§ **ACTIVITY**: Apart from the pictures, which must be omitted, restate the data exactly.

§ **MATERIAL PROVIDED**:
---*---

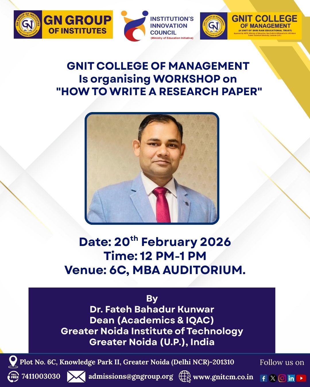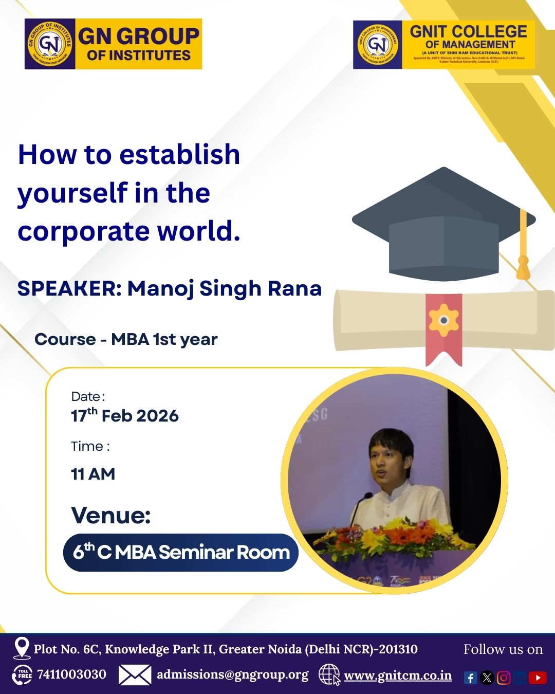 | 3 | GNIT College of Management recently organized an insightful guest lecture on 'The Future of Leadership with Emotional Intelligence,' led by Mr. Devansh Raghav, CTO at JSKD Infotech Pvt. Ltd. | Click Here |
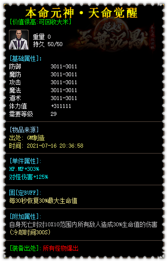 【版本介绍】: 永久回收装备好爆 装备全部真实爆出 小怪掉落终极
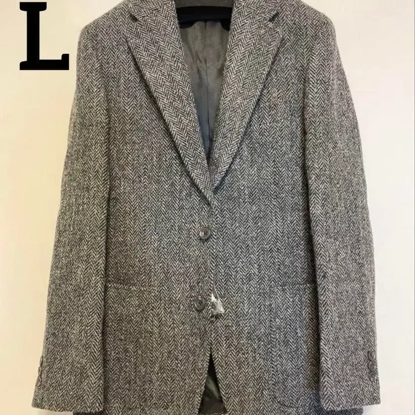 해리스 트위드 테일러드 자켓 올 패턴 헤링본 L 차콜 그레이

---*---

§ **RESPONSE TO THIS EXERCISE**:
 | 3 | GNIT College of Management recently organized an insightful guest lecture on 'The Future of Leadership with Emotional Intelligence,' led by Mr. Devansh Raghav, CTO at JSKD Infotech Pvt. Ltd. | Click Here |
 【版本介绍】: 永久回收装备好爆 装备全部真实爆出 小怪掉落终极
 해리스 트위드 테일러드 자켓 올 패턴 헤링본 L 차콜 그레이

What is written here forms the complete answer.